Order of Magnitude Speedups for LLM Membership Inference

TL;DR

This work tackles the high computational cost of traditional shadow-model-based membership inference attacks (MIAs) on large language models (LLMs) by introducing an ensemble of small quantile regression models to calibrate MIA thresholds without reproducing full model training. By modeling the null-score distribution with mu(x) and sigma(x) and deriving a dynamic threshold q_{1-α}(x), the approach enables effective MIAs with only a fraction of the compute required by LiRA. Empirical results across AG News, WikiText-103, and XSum show competitive or superior true positive rates at very low false positive rates, with up to roughly $6\%$ of LiRA’s compute, and robust performance across model families (Pythia, OPT, Llama) and tokenizers. These findings support using calibrated, ensemble quantile regression as a practical privacy auditing tool for deployed LLMs, facilitating routine assessments of memorization risk and privacy leakage.

Abstract

Large Language Models (LLMs) have the promise to revolutionize computing broadly, but their complexity and extensive training data also expose significant privacy vulnerabilities. One of the simplest privacy risks associated with LLMs is their susceptibility to membership inference attacks (MIAs), wherein an adversary aims to determine whether a specific data point was part of the model's training set. Although this is a known risk, state of the art methodologies for MIAs rely on training multiple computationally costly shadow models, making risk evaluation prohibitive for large models. Here we adapt a recent line of work which uses quantile regression to mount membership inference attacks; we extend this work by proposing a low-cost MIA that leverages an ensemble of small quantile regression models to determine if a document belongs to the model's training set or not. We demonstrate the effectiveness of this approach on fine-tuned LLMs of varying families (OPT, Pythia, Llama) and across multiple datasets. Across all scenarios we obtain comparable or improved accuracy compared to state of the art shadow model approaches, with as little as 6% of their computation budget. We demonstrate increased effectiveness across multi-epoch trained target models, and architecture miss-specification robustness, that is, we can mount an effective attack against a model using a different tokenizer and architecture, without requiring knowledge on the target model.

Figures (9)

• Figure 1: Comparing true positive rates vs false positive rates of our method with LiRA variants and simple score-function-based methods on WikiText-103, where target model is Pythia-6.9b. LiRA* represents LiRA with fixed variance estimate. LiRA results are obtained with 4 shadow models from Pythia family of varying sizes. Results for our method are obtained with ensemble of 5 quantile regression models fine-tuned from Pythia-160m.
• Figure 2: True positive rates at 0.1% and 1% FPR on the three datasets where target model is Pythia-6.9b, with varying ensemble sizes of our method.

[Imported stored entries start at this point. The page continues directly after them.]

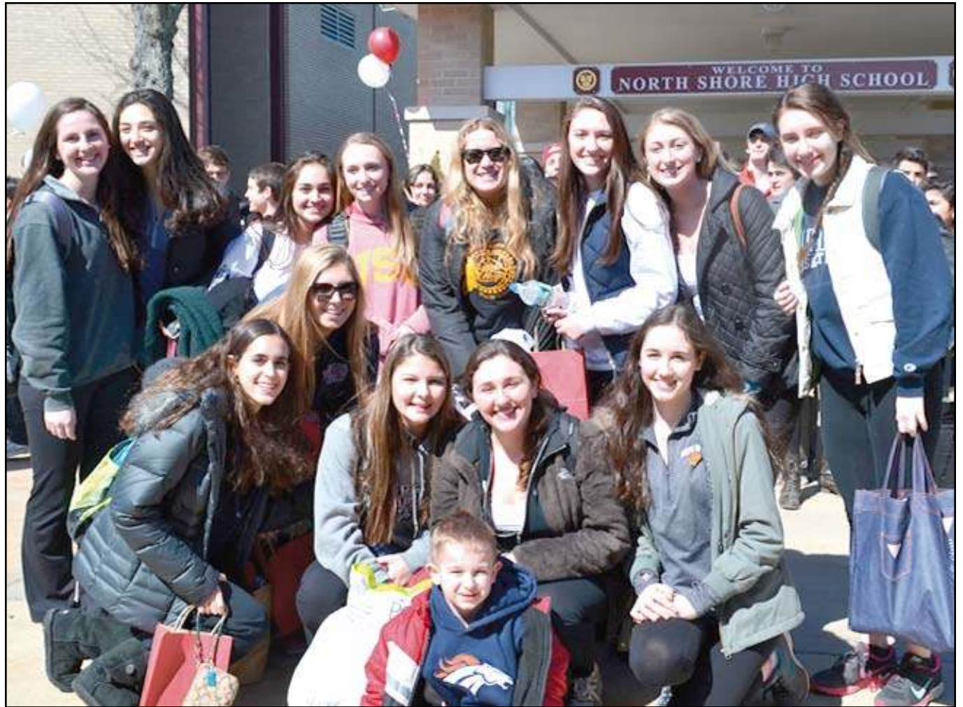
Photo Caption: Photo Caption: Pictured is the North Shore Women's Basketball Team, after beating Harborfields to become the Long Island Champions, the Vikings captured the Long Island Class A girls basketball title for the first-time ever!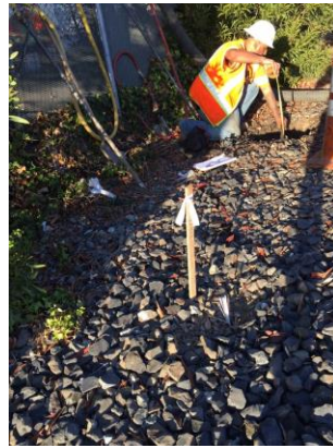
Potholing – to identify utilities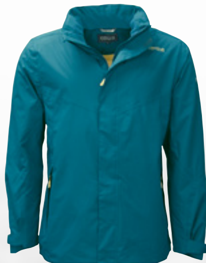
Blue Saphir - Solar 7812 - 0986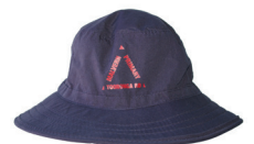
Hat with crest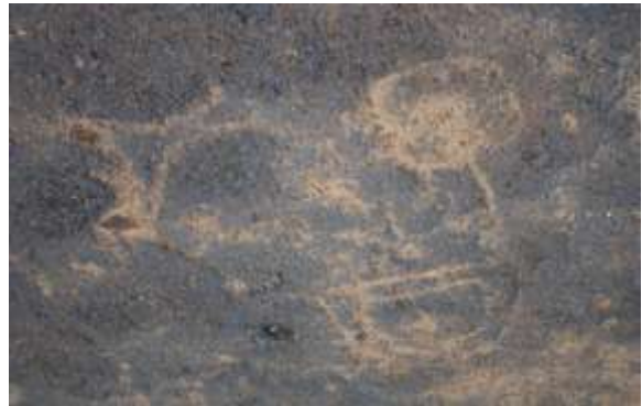
Fig. 28. Drum-beats to accompany the dance

The life-sized human figures of the dancer-story teller are located at the easternmost end of the site. In fig. 26, since the left leg is more muscular and half covered than the right it appears that the individual is androgynous - Ardhanarishvara - half man and half woman. As it also holds torches in both hands, the event appears to be at night.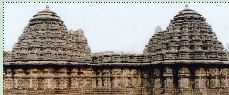
Karnataka got a record allocation of Rs 7,561 crore in the Railway budget 2023-2024

for redevelopment," he said. 16 of these stations are in Bengaluru Railway Division.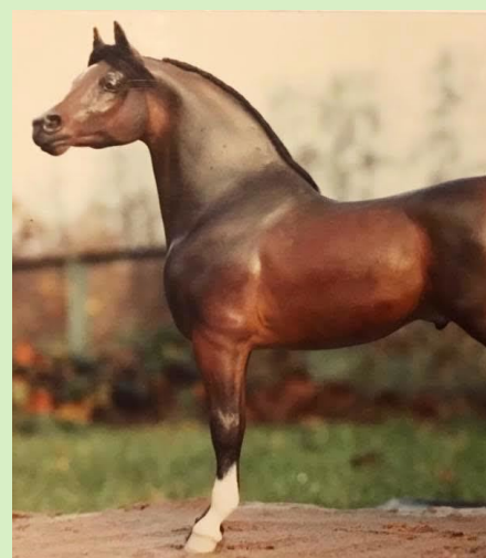
Crabtree Noon Time Spender 35 Years Old!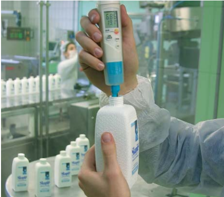
Automatic full scale value recognition and clear 2 line display.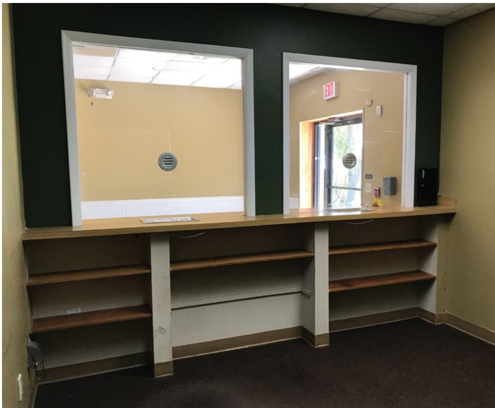
Office looking into Customer Entrance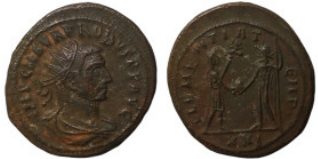
734 Roman Imperial. Billon. 23mm 3,82g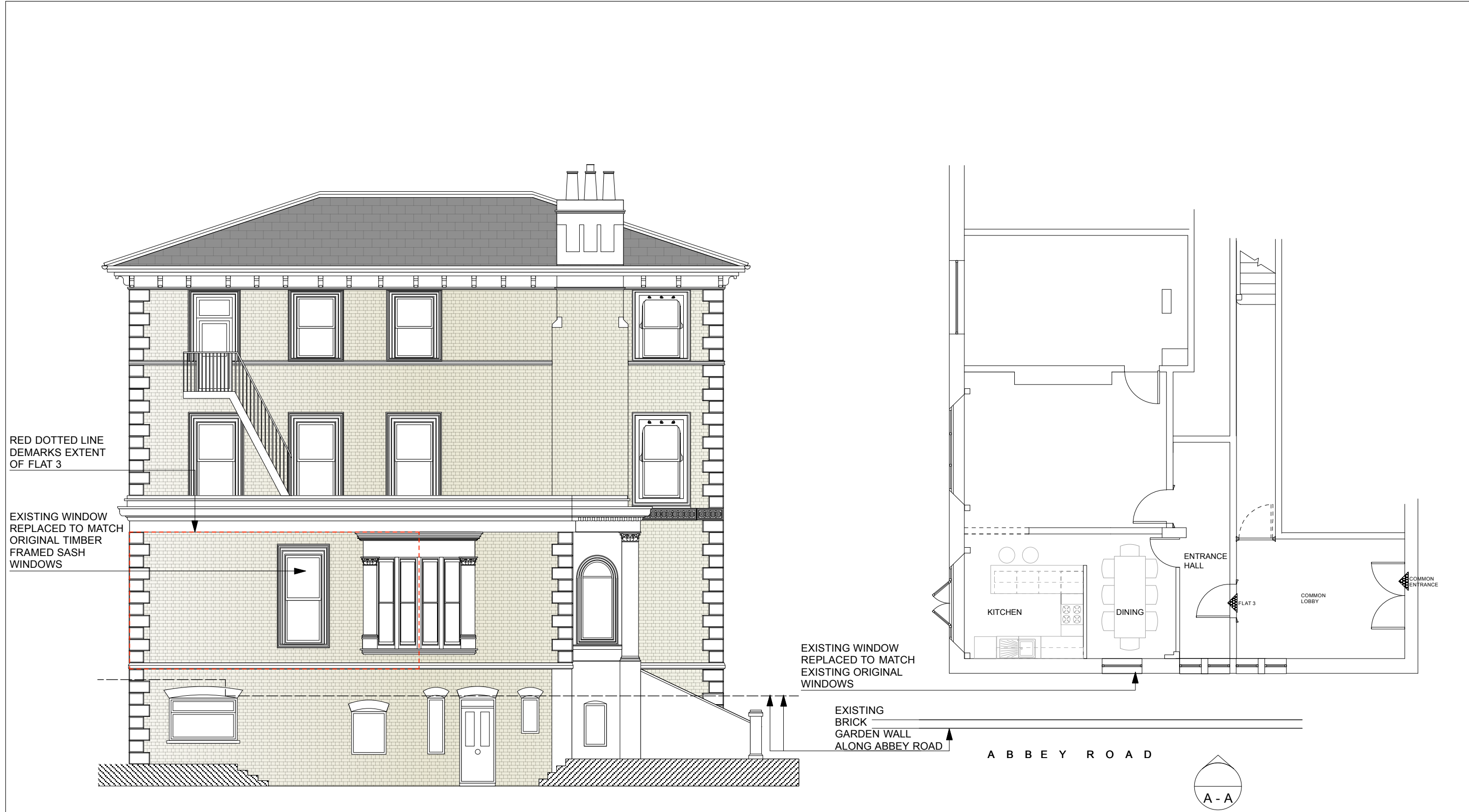
PROPOSED ELEVATION ABBEY ROAD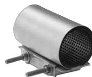
Pipe Repair Clamps 20mm to 600mm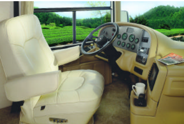
M370 COCKPIT IN FLEUR BOUQUET DECOR ▲

National RV is proud to introduce the Marlin® diesel pusher motor coach—designed for those seeking a full-featured luxury diesel pusher without breaking the bank.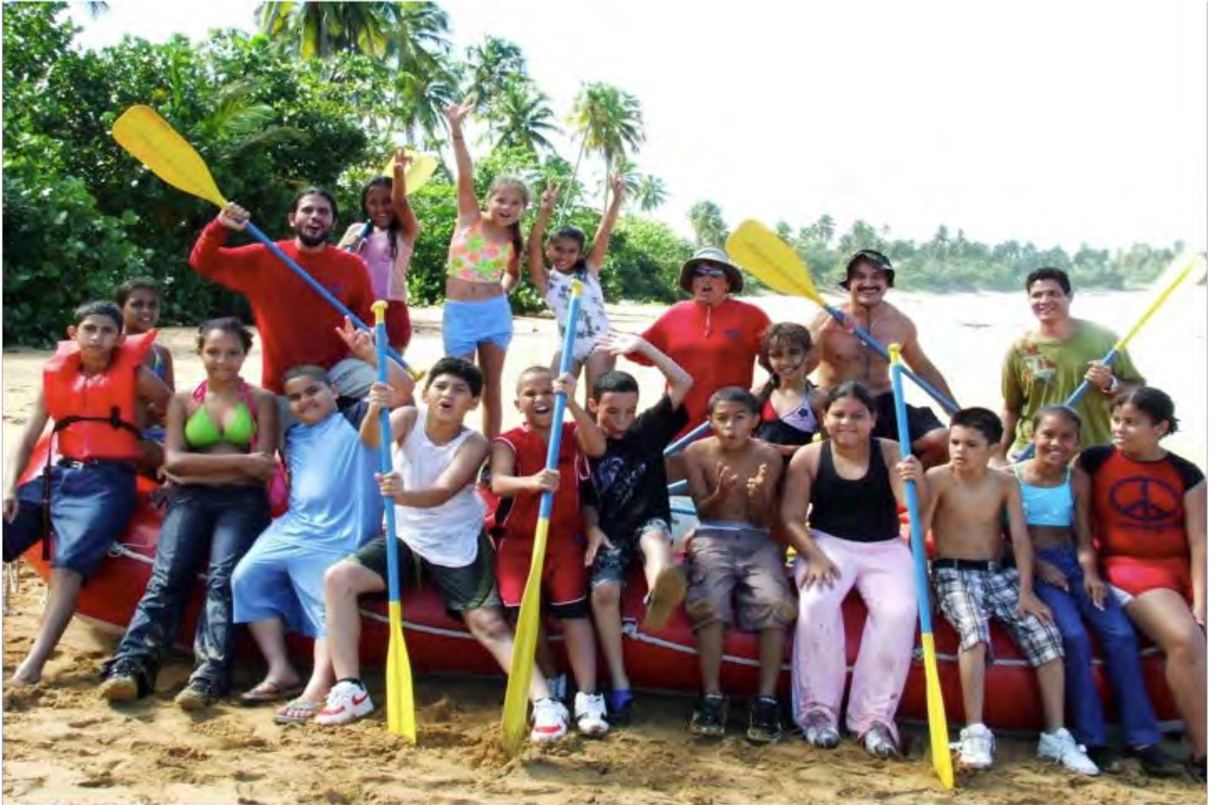
San Juan Bay Estuary Program Urban Waters Conference, DC, 2016

Five independent runs were executed for each setting.
• Figure 3: Distribution of the standard deviation of z-scores computed from five independent runs of our method with varying ensemble sizes.
• Figure 4: True positive rates at 0.1% and 1% FPR on all datasets as a function of number of epochs of the target model (OPT-6.7b). MIA risk increases for all methods with additional fine-tuning epochs of the target model.
• Figure 5: True positive rates at 0.1% and 1% FPR on the three datasets where all target models Pythia models of different sizes. LiRA results obtained using shadow models of smaller sizes than target models are marked with empty circles.